Friday, 14 November 2025


Adjournment

Federation anniversary


Federation anniversary

 Bev McARTHUR (Western Victoria) (21:45): (2130) My adjournment tonight is a heartfelt plea to the Minister for Creative Industries to ensure Museums Victoria properly commemorates the 125th anniversary of Australian Federation next year. On 3 September 1901 a massive Australian flag measuring 11 metres by 5.5 metres was raised for the first time on the main dome of the Royal Exhibition Building. Prime Minister Edmund Barton conducted the historic ceremony before a large cheering crowd. The moment followed the federal flag competition exhibition, which attracted more than 32,000 entries and produced five joint winners.

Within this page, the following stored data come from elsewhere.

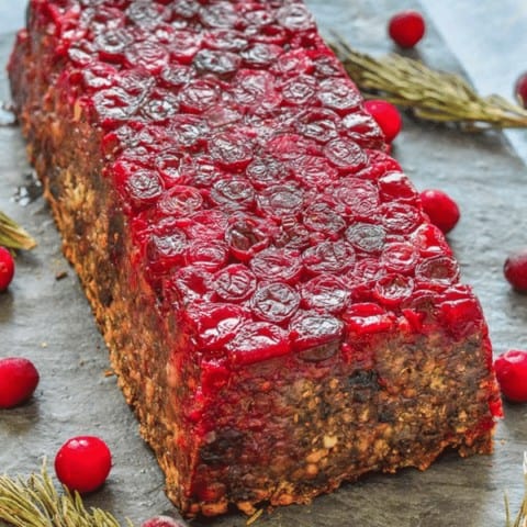 This cranberry-topped mushroom and lentil loaf will become a showstopper on your Christmas table. A variety of veggies, lentils, and spices make it a delicious and wholesome entree option.
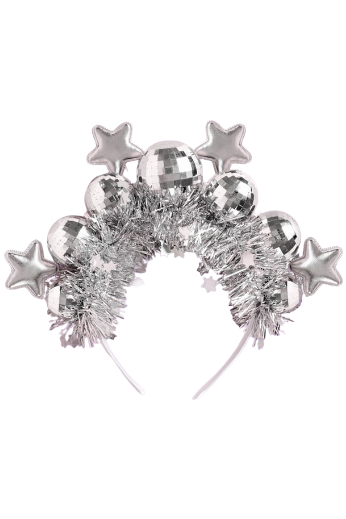 Be a dancing queen for the night with a disco stars and balls headband. White headband with silver star fringe. It includes 7 attached disco balls and 4 puffy stars One size fits all!
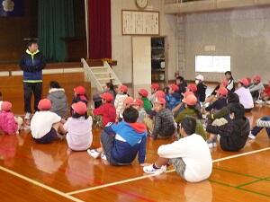 本校では、児童の体力向上を図るために体育の時間での運動量の確保のほかに昼休みの戸外運動を進めています。雨天時には、体育館で「イキイキレイン」といって縦割り班でボールゲーム等をしたりしています。2月の縄跳び大会に向けて、縄跳びの練習が始まりました。今日は、縦割り班での長縄とびの注意点を確認した後に、練習をしました。1年生から6年生までが同じ班で跳ぶので高学年の配慮が必要です。みんながんばれ!
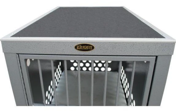 The rubberized “pebble textured” mat makes an excellent “Non Slip” grooming top surface which will offer years of service. It can also be used as a great non-slip liner for the inside of your crate when purchased separately. Its soft pliable rubber offers excellent ruggedness and durability for years of use. The attractive aluminum trim is riveted around the edge of the crate to finish off the crate top (as represented in the image below).
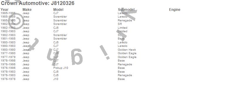 Crown Automotive is the premier manufacturer and distributor of quality replacement parts for Jeep® CJ™, Wrangler™, Cherokee™, Grand Cherokee™, Liberty™, and Commander™."From humble beginnings in 1963 in a small Boston storefront, Crown Automotive has consistently maintained its commitment to offering only quality parts and exceptional service. Today, with warehouses in Massachusetts, Georgia, Nevada, Spain, and the Czech Republic, totaling over 160,000 square feet, Crown Automotive continues to be the leader in quality replacement parts for Jeep® vehicles. With over 8,000 different parts in stock for Jeep® vehicles from 1942 on up, Crown has the largest stock of replacement parts for Jeep® vehicles, including factory-discontinued parts. In fact, many of the older Jeeps are still on (and off) the road thanks to Crown parts. The Crown line consists of axle, body, brake, clutch, cooling, driveline, electrical, engine, exhaust, fuel, steering, suspension, transmission and transfer case components. Crown Automotive also offers an exclusive line of component kits and accessory products. Because we know that Jeeps are driven harder than most other vehicles, we emphasize offering only quality parts. In fact, we test parts on Jeeps before distributing them to our dealers to insure that they meet our standards for quality. Crown also supports its entire line with a 12 month/12,000 mile warranty to insure our dealers and their customers of our commitment to offering quality parts. We know from experience that Jeep® owners would rather pay a little more for a good quality part that's backed by a strong guarantee. But we know that price is important as well. So, not only will you find Crown parts to be of exceptional quality, but you'll find them at a great price too.

Why is this relevant to Mr Brooks, you might ask? As members here know, the Royal Exhibition Building is a UNESCO World Heritage site and was the temporary home of Australia’s first Commonwealth Parliament. Its role in the birth of our national flag deserves proper recognition. Yet a correspondent of mine, flag historian John Vaughan OAM, has been trying since February to engage Museums Victoria about commemorative activities. Despite multiple calls to the Ask Us helpline and written approaches to senior curators, he has received no substantive response. Mr Vaughan has proposed several thoughtful initiatives: displaying any existing records, mementos or photographs from the 1901 flag raising; exhibiting the Speaker’s Australian flag roadshow, which circulates a similarly sized flag to schools; and launching a public search for the original flag or related historical material. These are exactly the kinds of activities that would bring our Federation story to life.

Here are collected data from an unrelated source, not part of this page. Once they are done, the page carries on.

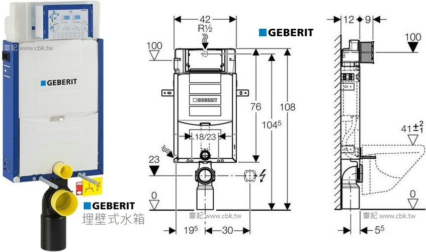 埋壁式水箱設計,簡潔俐落:110.350.00.5磚牆式埋壁水箱附沖水面板
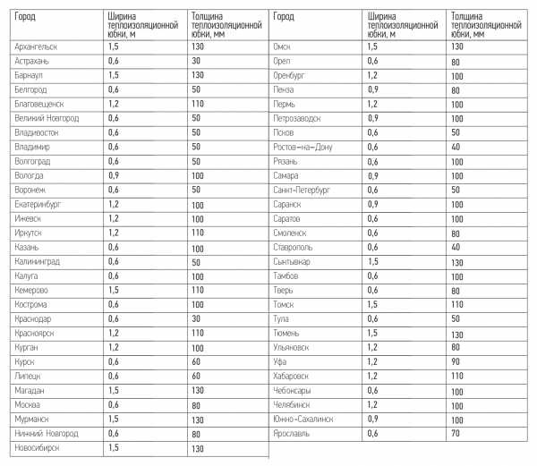 Какая необходима толщина теплоизоляции и ширина вылета «теплоизоляционной юбки» для зданий в разных климатических зонах?
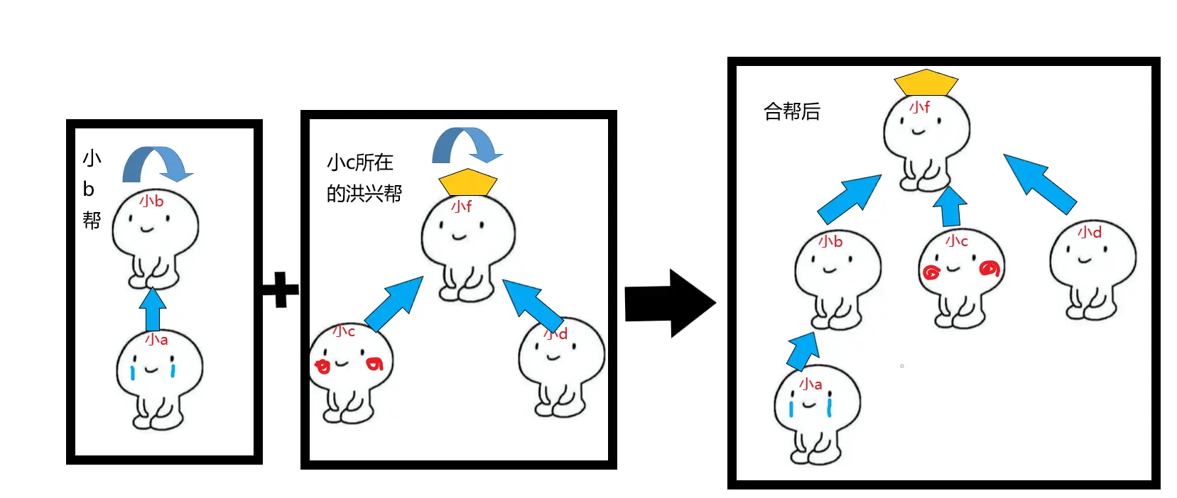 小a想要加入小b的帮派,怎么做呢?将a的老大改成b,b的老大保持不变,记成:
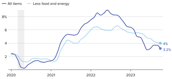 L'inflazione americana a ottobre 2023 si è attestata al 3,2% e i mercati proseguono la tendenza rialzista, ma alcuni dati andranno monitorati
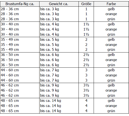 Um Unfälle zu vermeiden, verwenden Sie ausschließlich Produkte in der passenden Größe und Art für Ihr Haustier.

Substantial public funding supports Museums Victoria. The recent state budget allocated $475.3 million over five years to our major cultural institutions, including $9.6 million for Royal Exhibition Building preservation. Victorians deserve to see these investments translate into responsive institutions that take opportunities to celebrate our shared history. Celebrating our national flag would be an opportunity to bring all of us together as one unified people.

The action I seek, Minister, is for you to get enthused about the idea, to direct Museums Victoria to respond to Mr Vaughan’s correspondence and to work collaboratively on an appropriate commemorative activity for the 125th anniversary of the first raising of the Australian national flag at the Royal Exhibition Building. This is not merely a request about getting your agencies to respond to correspondence, it is a plea for us to honour a historic and pivotal moment when Victoria hosted the birth of Australia’s most enduring national symbol and a chance to celebrate the event as one people.